For this plate, I worked with a partner, Christine Sioco, who prepared the mold of my face. Once the mold was dry, I made a cast of my face from it. 1. Making the mold. First step was to prepare the face by applying liberal amounts of petroleum jelly. I also put on a garbage bag as a poncho to protect my clothes from getting wet and dirty with plaster. The mold was then constructed in layers, as follows: • Layers 1 and 2 : Plaster bandage dipped in water. These were pre-cut into 3 lengths; medium and small ones were used for curves and crevices (I used more of the long ones). It was critical to squeeze out the bandage once wet in order to spread the plaster, and again squeeze or even out upon placement on the face. • Layer 3 and 4 : Cheesecloth dipped in plaster mix to hold the plaster bandage together. • Layer 5 : Pure plaster mix to further reinforce the mold. The plaster dried up quickly, so I had to mix two batches to properly cover the face. Tip for next time: either work faster or ask another person to help out.


Working alone on Christine's face, it took me about half an hour to complete all the layers and another 10-15 minutes to let the final plaster layer dry before it was lifted off the face.
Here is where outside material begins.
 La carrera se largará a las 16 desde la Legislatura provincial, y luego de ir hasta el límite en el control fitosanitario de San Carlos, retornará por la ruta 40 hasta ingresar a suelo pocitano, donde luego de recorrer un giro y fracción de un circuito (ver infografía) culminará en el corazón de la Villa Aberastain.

2. Casting my face. I cleaned the mold with a fine brush and filled in pot holes and marks, including the nostril holes, using clay. I then lined the rest of the mold with a releasing agent (petroleum jelly). I slowly poured plaster mix into the mold, swirling the mold the whole time in order to distribute the coating. I wanted to add another layer of plaster mix so I made scratches on the first layer before the plaster hardened.
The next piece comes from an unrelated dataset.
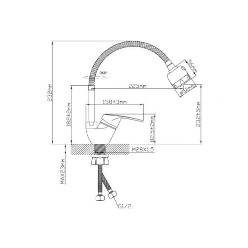 Аэратор с расходом 5,7 л/мин (класс А EU Regulation 66/2014) – экономия до 30% воды без потери напора.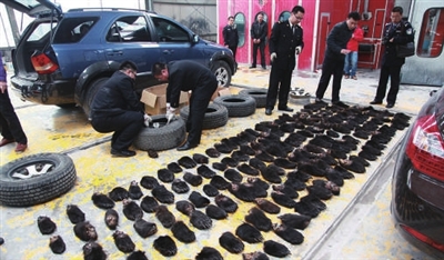 近日,满洲里海关在该关公路口岸一辆进境俄籍客车的轮胎中查获棕熊熊掌213只,是迄今为止全国最大的走私熊掌案件。

Once the plaster was set, I pulled away the mold, starting at the sides. I wanted to preserve it so I could do multiple castings, but I still had to cut the neck part in order to ease out the face cast slowly.

I did the first casting at night and left it to dry until morning. I was happy that it didn't have holes but I didn't like the rough finish caused by bandage marks. I sanded it with high grit sandpaper, which unfortunately also left line marks – so I used my fingers and smooth paper instead. I wanted to even out the surface some more so tried to add a layer of slip. I placed the work on a tray and poured a diluted mixture of plaster over it – bad idea! It gathered around the eyes and other deep areas of the face and took away details, so I hosed it down and decided at that point that the first casting was done. Was time to leave it alone.
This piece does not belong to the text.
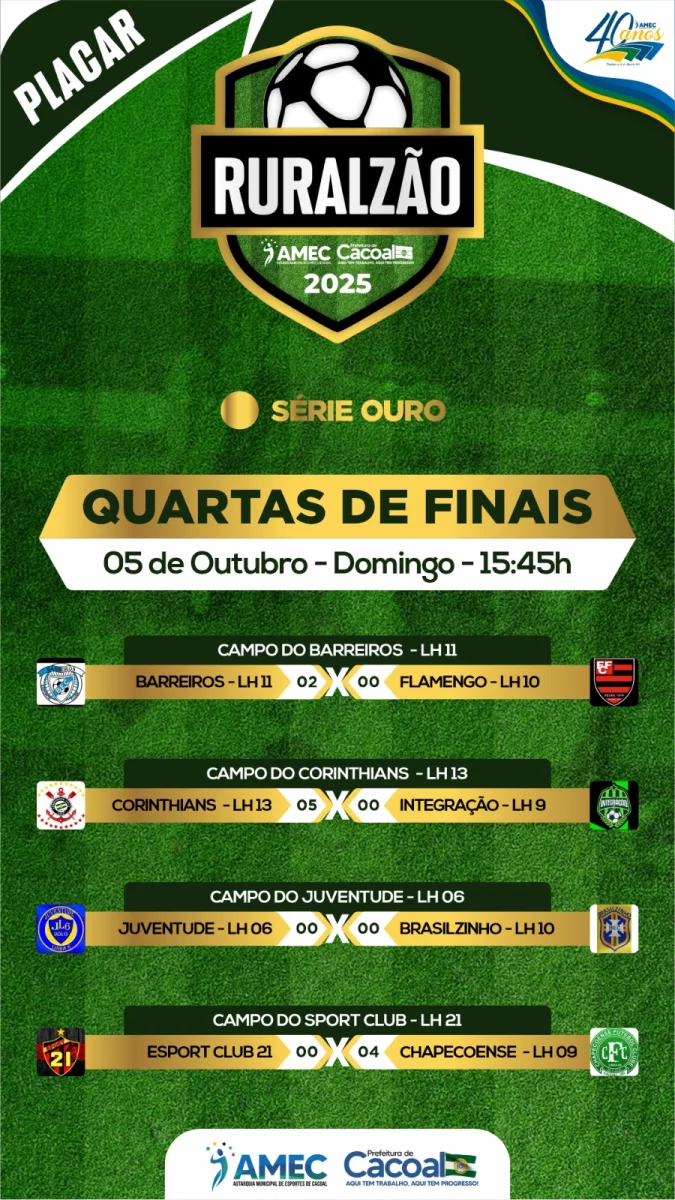 O fim de semana foi de emoção e grandes disputas nos campos da zona rural de Cacoal. Os jogos de ida das quartas de final do Ruralzão AMEC 2025 trouxeram goleadas expressivas, alguns jogos mais equilibrados e um público entusiasmado que foi a campo apoiar seus times. A competição, que neste ano celebra os 40 anos da Autarquia Municipal de Esporte e Cultura, segue consolidada como uma das principais vitrines do futebol amador da região.

I intended to compose the face in a sleeping position, so I looked for a block of wood to rest it on. I applied a layer of slip on the wood, which ended up looking like a white chocolate-covered block

of cake! The mold was also still alive, so I did a second casting, this time attaching a GI wire at the back so I could hang it.

Textual Documentation


From watching the demonstration, the molding process seemed simple enough to follow, and it was. Some classmates were worried about getting claustrophobia, but my main concern was getting allergies from the plaster. Was glad for no reactions, save for facial hairs getting pulled out with the mold (instant mud spa!). Casting was a bit trickier because I wanted to make multiple castings and defy the one-use feature of a waste mold. I should've put more plaster in the neck area – my first attempt was too thin and gave me no choice but to destroy the neck part of the mold.

Lessons learned: • • Reinforcing the mold with cheesecloth works! More cheesecloth layers would strengthen the mold and maybe allow for more castings. Future experiment: try making a papier mache mold based on the plaster mold, then seal with emulsion. Use this to create multiple casts, or even more molds.


CONCLUSION Working with three-dimensional forms has opened me up to the world of in-the-round – appreciating art from different viewpoints. This is a vital mindset to cultivate as an artist, even if one decides to pursue the path of flat or decorative art, because it reminds us to always think of the viewer or receiver of our art: they are varied and their interpretation of our art is always based on their context. Documentation and presentation are also vital lessons learned this first semester, and I hope to develop them as healthy habits in the creative process.